I've found a race condition between AIO read/write and setresuid(). The race results in AIO in Samba sometimes not completing, leading to stuck clients. You can grab a little standalone test program that demonstrates the bug here: http://samba.org/~tridge/junkcode/aio_uid.c Here is the description of the bug from that code: The race condition is in setresuid(), which in glibc tries to be smart about threads and change the euid of threads when the euid of the main program changes. The problem is that this makes setresuid() non-atomic, which means that if an IO completes during the complex series of system calls that setresuid() becomes, then the thread completing the IO may get -1/EPERM back from the rt_sigqueueinfo() call that it uses to notify its parent of the completing IO. In that case two things happen: 1) the signal is never delivered, so the caller never is told that the IO has completed 2) if the caller polls for completion using aio_error() then it will see a -1/EPERM result, rather than the real result of the IO The simplest fix in existing code that mixes uid changing with AIO (such as Samba) is to not use setresuid() and use setreuid() instead, which in glibc doesn't try to play any games with the euid of threads. That does mean that you will need to manually gain root privileges before calling aio_read() or aio_write() to ensure that the thread has permission to send signals to the main thread If you strace the above program then the bug should be fairly clear. I've reproduced this bug on RHEL 5.2, but I expect it will be on all current Linux distros. I've also reproduced it on Ubuntu Hardy. I've added a workaround to the Samba 3.2 tree, but it will take a while before this workaround gets to end users. I imagine there are probably other applications that are affected. Cheers, Tridge
It is not about glibc trying to be smart, it is simply that POSIX requires the call to affect the whole process, and kernel folks refusing to implement that behavior in the kernel.
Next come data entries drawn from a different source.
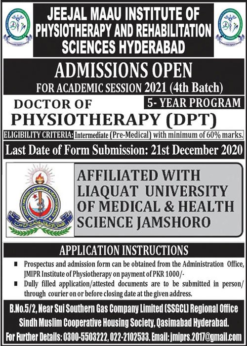 Jeejal Maau Institute Of Physiotherapy And Rehabilitation Sciences affiliated with Liaquat University of Medical & Health Science invites applications for admissions in Doctor of Physical Therapy DPT degree program. Read newspaper ad for exact details.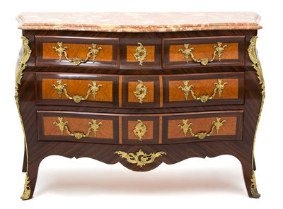 A Louis XV Style Gilt Bronze Mounted Bombe Commode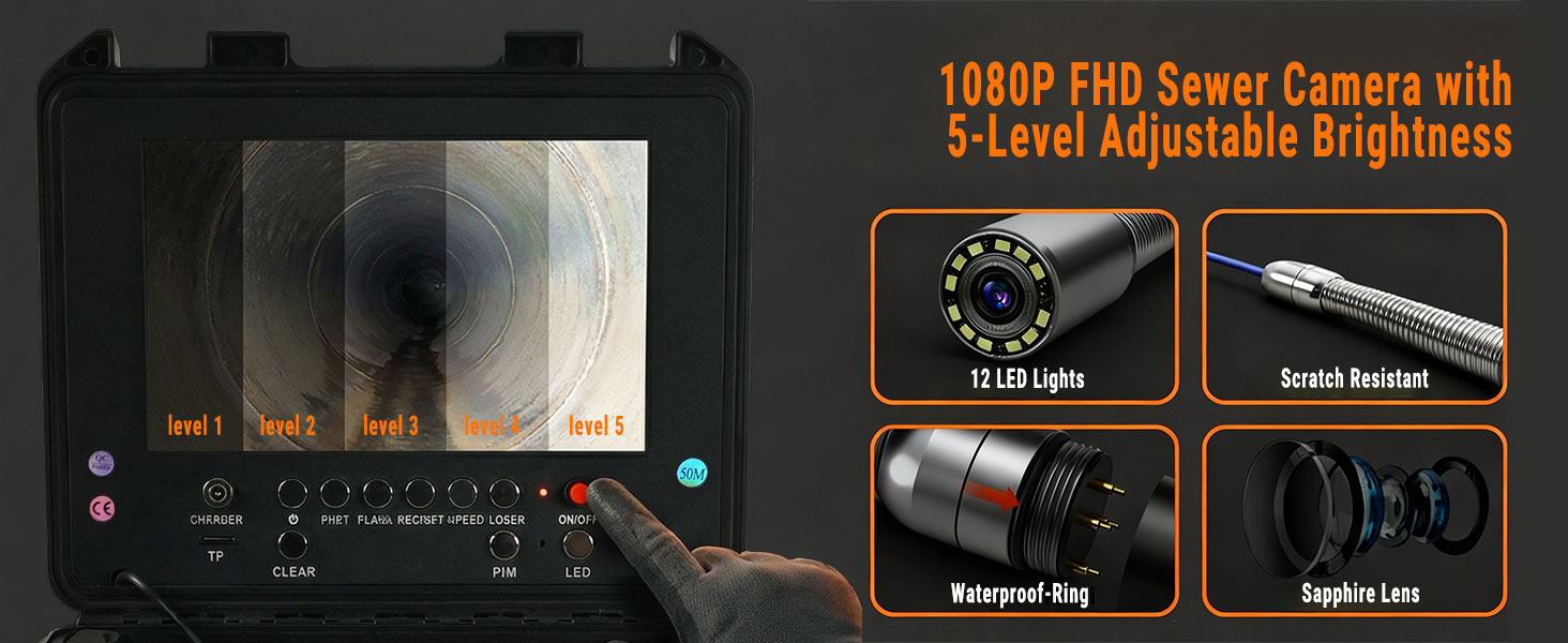 [مصممة لتدوم طويلاً] تم تصميم هذه الكاميرا لتتحمل أصعب المهام، وتتميز بعدسة ياقوتية مقاومة للخدش وتصنيف IP68 المقاوم للماء، مما يضمن قدرتها على التعامل مع التأثيرات القاسية ودرجات الحرارة القصوى (من -4 درجة فهرنهايت إلى 140 درجة فهرنهايت) داخل الأنابيب دون فقدان أي شيء. يتنقل كابل الألياف الزجاجية المرن الملفوف بزنبرك وكابل الألياف الزجاجية شبه الصلبة بسلاسة في الانحناءات الضيقة دون الالتواء أو التشابك، مما يقلل من التآكل للحصول على أداء طويل الأمد.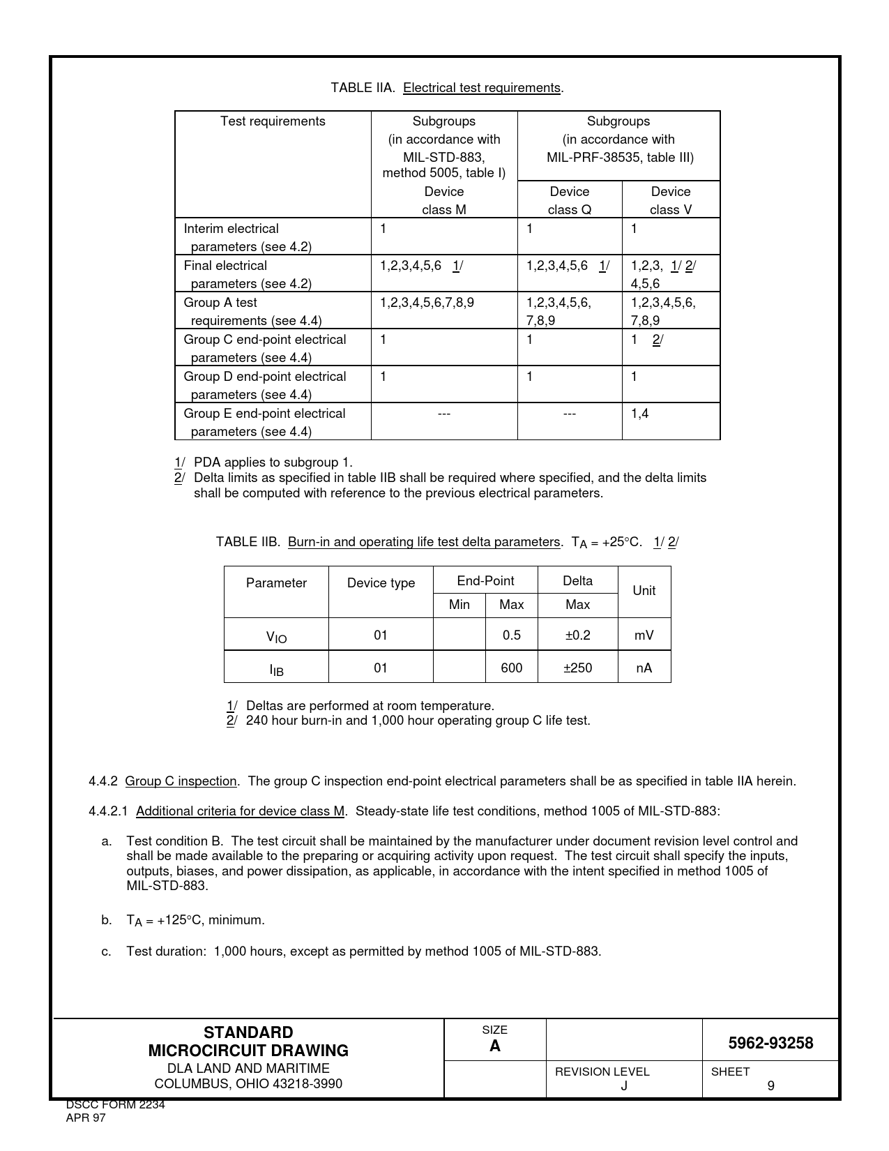 TABLE IIA. Electrical test requirements. Test requirements Subgroups Subgroups (in accordance with (in accordance with MIL-STD-883, MIL-PRF-38535, table III) method 5005, table I) Device Device Device class M class Q class V Interim electrical 1 1 1 parameters (see 4.2) Final electrical 1,2,3,4,5,6 1/ 1,2,3,4,5,6 1/ 1,2,3, 1/ 2/ parameters (see 4.2) 4,5,6 Group A test 1,2,3,4,5,6,7,8,9 1,2,3,4,5,6, 1,2,3,4,5,6, requirements (see 4.4) 7,8,9 7,8,9 Group C end-point electrical 1 1 1 2/ parameters (see 4.4) Group D end-point electrical 1 1 1 parameters (see 4.4) Group E end-point electrical --- --- 1,4 parameters (see 4.4) 1/ PDA applies to subgroup 1. 2/ Delta limits as specified in table IIB shall be required where specified, and the delta limits shall be computed with reference to the previous electrical parameters. TABLE IIB. Burn-in and operating life test delta parameters. TA = +25C. 1/ 2/ Parameter Device type End-Point Delta Unit Min Max Max VIO 01 0.5 ±0.2 mV IIB 01 600 ±250 nA 1/ Deltas are performed at room temperature. 2/ 240 hour burn-in and 1,000 hour operating group C life test. 4.4.2 Group C inspection. The group C inspection end-point electrical parameters shall be as specified in table IIA herein. 4.4.2.1 Additional criteria for device class M. Steady-state life test conditions, method 1005 of MIL-STD-883: a. Test condition B. The test circuit shall be maintained by the manufacturer under document revision level control and shall be made available to the preparing or acquiring activity upon request. The test circuit shall specify the inputs, outputs, biases, and power dissipation, as applicable, in accordance with the intent specified in method 1005 of MIL-STD-883. b. TA = +125C, minimum. c. Test duration: 1,000 hours, except as permitted by method 1005 of MIL-STD-883.

*** Bug 555858 has been marked as a duplicate of this bug. ***
Andreas, Jakub, Do you know if there have been any kernel changes proposed upstream that would allow this to be fixed? We are wondering what can be done to move this issue to resolution. thanks
(In reply to comment #1) > > It is not about glibc trying to be smart, it is simply that POSIX requires the > call to affect the whole process, and kernel folks refusing to implement that > behavior in the kernel. I don't think we can change sys_setresuid() and break the current long-standing behaviour. Besides, it is not possible to affect the whole process atomically (from the check_kill_permission() pov) even in kernel. Of course, it _is_ possible with the additional locking, but imho this is not acceptable. Afaics, it is easy (but not nice) to change libc to fix this particular problem, __aio_sigqueue() could take lll_lock(stack_cache_lock) to prevent the race with __nptl_setxid() which takes this lock too. Or, we can add something like "seqcount_t xid_seqcount". __nptl_setxid() does write_seqcount_begin/end and __aio_sigqueue() does do { seq = read_seqcount_begin(&xid_seqcount); ret = INLINE_SYSCALL (rt_sigqueueinfo); if (!ret || errno != EPERM) break; } while (read_seqcount_retry(&xid_seqcount, seq); Or something else, we should ask libc developers. ---------------------------------------------------------------------------- On the other hand. Roland, David. Is there any security reason why tkill should fail when we send a signal to sub-thread? I don't see any reason. The thread can always send SIGKILL to all threads. It can block SIGXXX and do kill(getpid(), SIGXXX), the signal will be delivered to some another sub-thread which may have changed its credentials. It can even modify .text, etc. IOW. Can't we simply change check_kill_permission() --- x/kernel/signal.c +++ b/kernel/signal.c @@ -656,6 +656,9 @@ static int check_kill_permission(int sig if (error) return error; + if (same_thread_group(currant, t)) + return 0; + tcred = __task_cred(t); if ((cred->euid ^ tcred->suid) && (cred->euid ^ tcred->uid) && and simplify the life of libc/userspace developers?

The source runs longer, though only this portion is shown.